I complottisti, sempre a caccia di extraterrestri, non hanno dubbi: su Marte e su Venere ci sono strutture artificiali riconducibili a vita aliena.
In un momento in cui la NASA sta cercando di provare in tutti i modi, con tutti i mezzi e con dati scientifici alla mano, che la vita è possibile all’interno del nostro Sistema Solare, i complottisti tornano alla carica con la loro verità assoluta: gli alieni esistono e la prova è nascosta proprio nelle foto che le Sonde americane inviano sulla Terra.
La Sonda della Missione Magellano, per esempio, negli anni 80/90 ha inviato migliaia di foto di Venere, e già all’epoca furono molti i cacciatori di Ufo che ci scorsero strutture artificiali.

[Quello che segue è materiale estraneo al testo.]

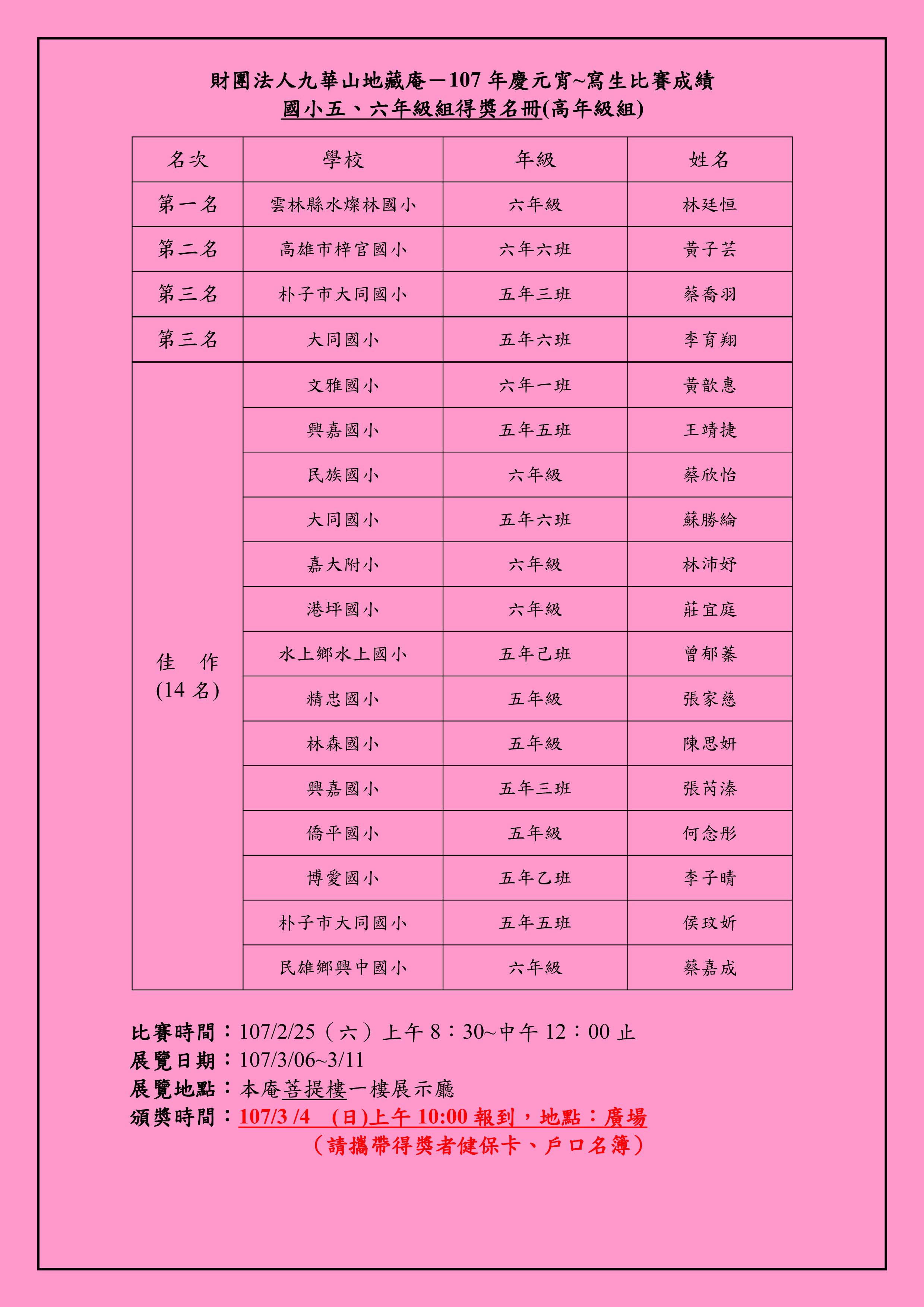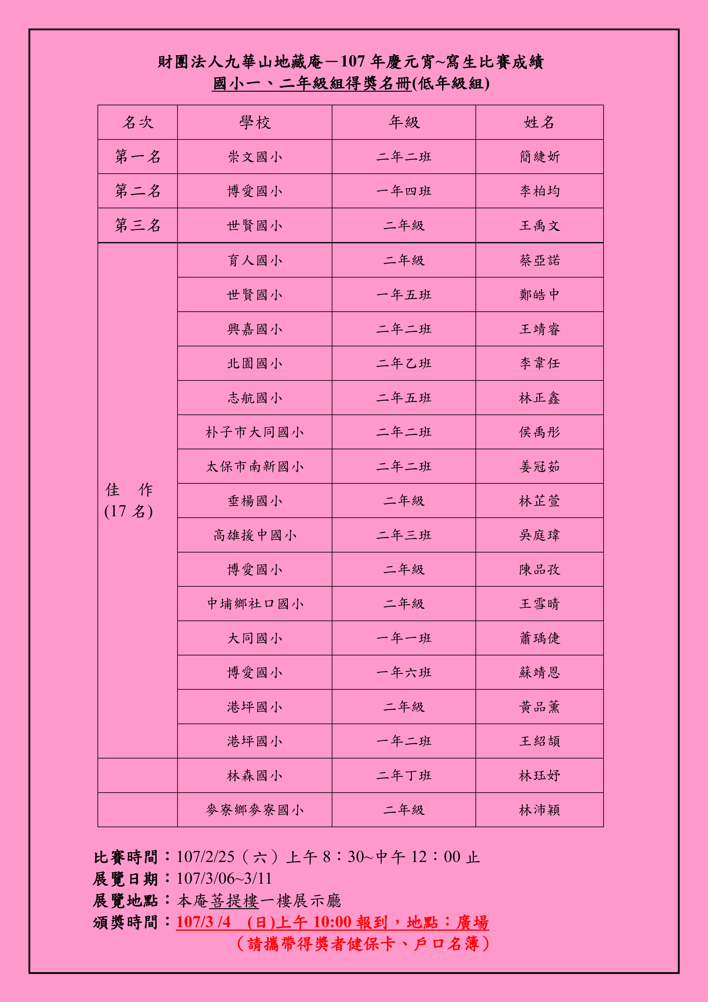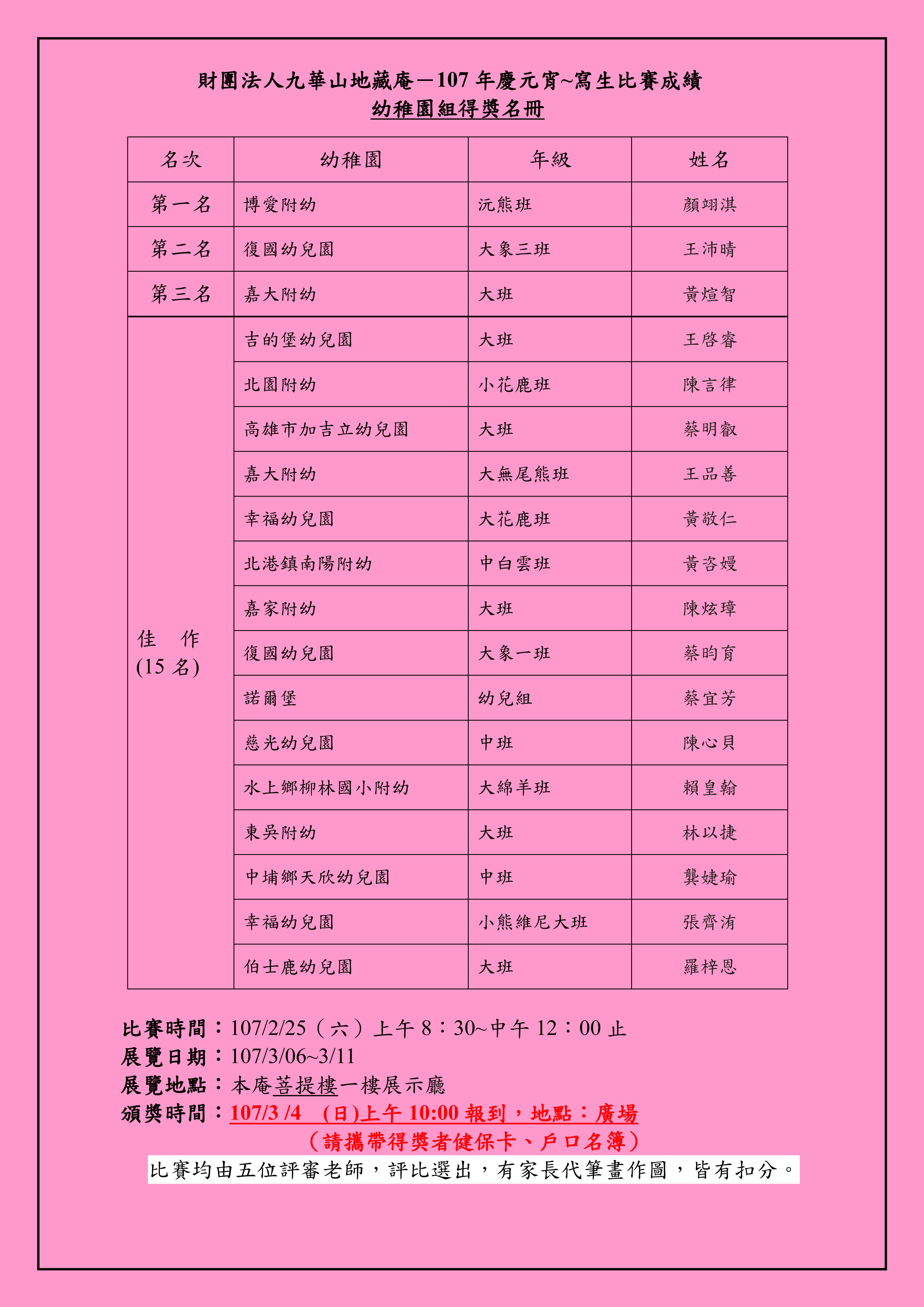 頒獎時間:107/3 /4 (日)上午10:00報到,地點︰廣場

Oggi esperti ufologi delle foto che mostrano le strutture aliene di Venere, scattate sia dalle agenzie spaziali americane che da quelle giapponesi, ne hanno fatto un documentario “prova” per dimostrare sul Pianeta c’era vita extraterrestre.
Ricordiamo che Venere è il pianeta del nostro Sistema Solare più inospitale per le sue temperature proibitive: 470 gradi sulla superficie e fino a – 175 gradi negli strati più alti.
La logica vuole che temperature così estreme non possano permettere la vita nemmeno di microorganismi.
Ma i complottisti ne sono certi: quelle strutture artificiali sono la dimostrazione che gli extraterrestri hanno abitato il Pianeta e, forse, lo abitano ancora.
D’altra parte, dicono gli esperti di alieni, tali strutture che si trovano alla base dei crateri presenti su Venere, devono essere per forza artificiali perché sono troppo simmetriche per essere costruzioni naturali.
Come spiegano la vita su Venere i complottisti? Allo stesso modo in cui spiegano la vita su Marte: è probabile che tantissimi anni fa il clima sul Pianeta non fosse così proibitivo e che l’atmosfera era tale da permettere vita aliena.
E’ probabile, certo. Così com’è probabile che siano semplicemente crateri sulla superficie del Pianeta che risultano più luminosi per le alte concentrazioni di metalli al loro interno. Che dire? Tocca sempre ai posteri l’ardua sentenza.